The department said that mandatory recognition would be a major departure from the compromise which the 2001 and 2004 legislation attempted to capture.

"It is the view of Ministers that mandatory recognition would involve imposing an outcome which would clearly not attract support from all sides," the paper stated.

"Furthermore, there is a strong belief that the negative perception of such an imposed solution would have a detrimental effect on our ability to attract and retain investment and would be portrayed as a failure of social partnership's capacity to find pragmatic solutions. The preference would be for an outcome that avoids such negative implications while meeting the genuine concerns of trade unions."
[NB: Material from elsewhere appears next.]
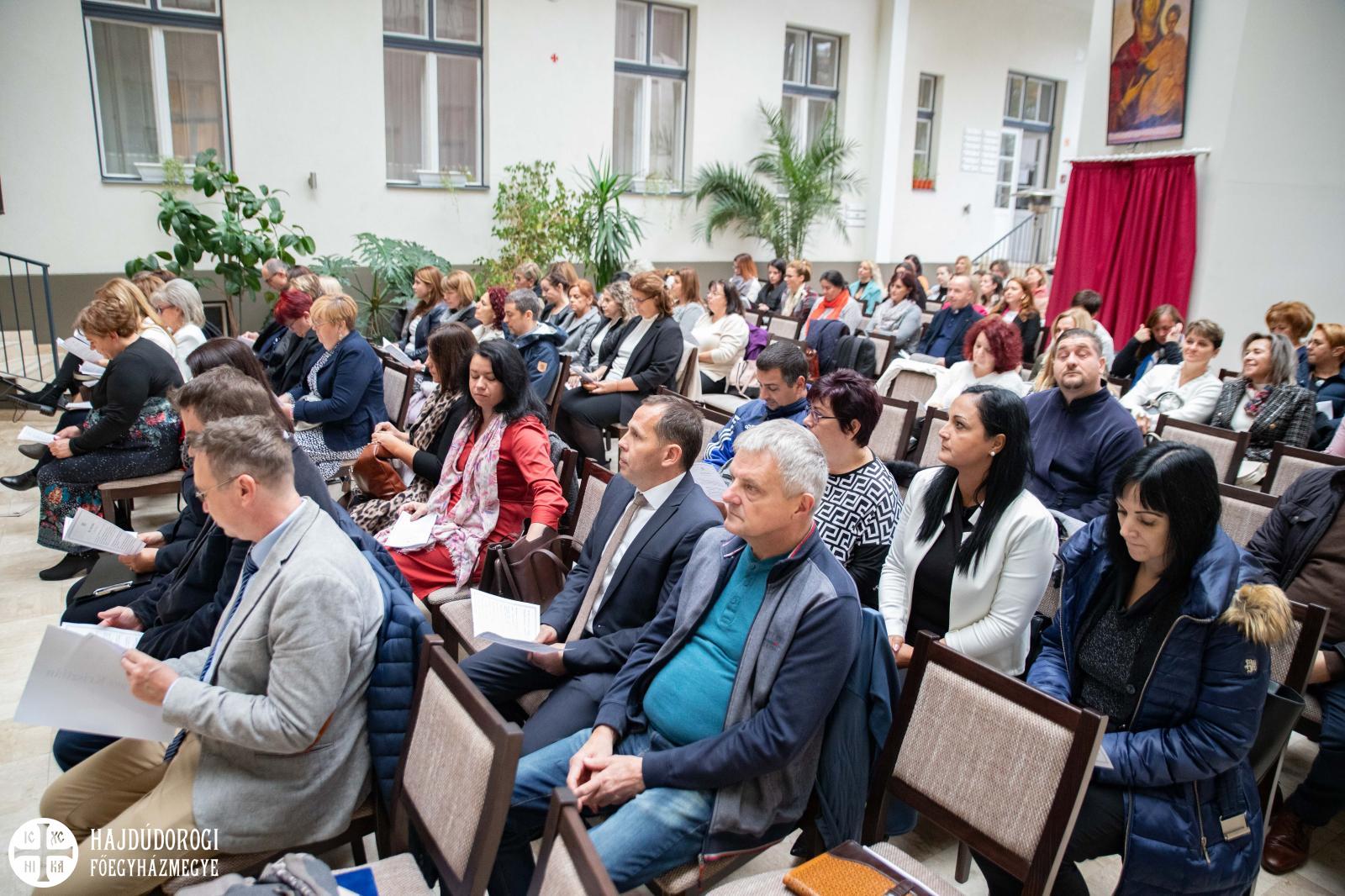 A görögkatolikus egyház több mint egy évtizedre vállal jelentős szerepet többek között a szociális és gyermekvédelem területén is – ismertette dr. Tóthné dr. Tőkés Margaréta, a Hajdúdorogi Főegyházmegye gyermekvédelmi fenntartói irodájának vezetője. „A Hajdúdorogi Főegyházmegye egyre bővülő szolgáltatási formákkal áll helyt ezen a nehezített területen, hiszen a három gyermekvédelmi szakellátási intézményünk mellett 2023-tól gyermekjóléti alapellátási feladatot is megvalósítunk, azaz bölcsődei elhelyezést is biztosítunk Hajdúdorogon, illetve 2024-től házi segítségnyújtó szolgálatot is működhetünk Debrecen városában. A szakmai sokszínűség biztosítása és a fejlődés nem állhat meg, ezért 2025-től három új bölcsőde nyitja meg kapuit: Debrecenben, Makón és Gödöllőn. Mindezen feladatvállalás azonban mit sem ér 550 fő munkavállaló és nevelőszülő nélkül” – mondta a vezető.

The 2001 and 2004 legislation allowed unions to take cases on behalf of workers in non-union companies to the Labour Court which could see if their pay and conditions were in line with norms set through collective bargaining.

The department said the unions feared that the Supreme Court ruling allowed employers to avoid this process by engaging with an internal forum which could lack any real negotiating autonomy. They were also concerned that the identity of their members would have to be made known, leaving them open to victimisation.

It suggested that the legislation could be changed so that only internal forums that met criteria regarding their establishment and operation would be capable of engaging in collective bargaining, while a new definition of collective bargaining could also be inserted.

The department was doubtful whether it would be possible to legislate to circumvent the court's ruling on the disclosure of the identity of persons on whose behalf the trade union was purporting to act.

It suggested that the legislation could be re-focused to allow for trade union membership in a company to be verified on a confidential basis by dispute resolution bodies.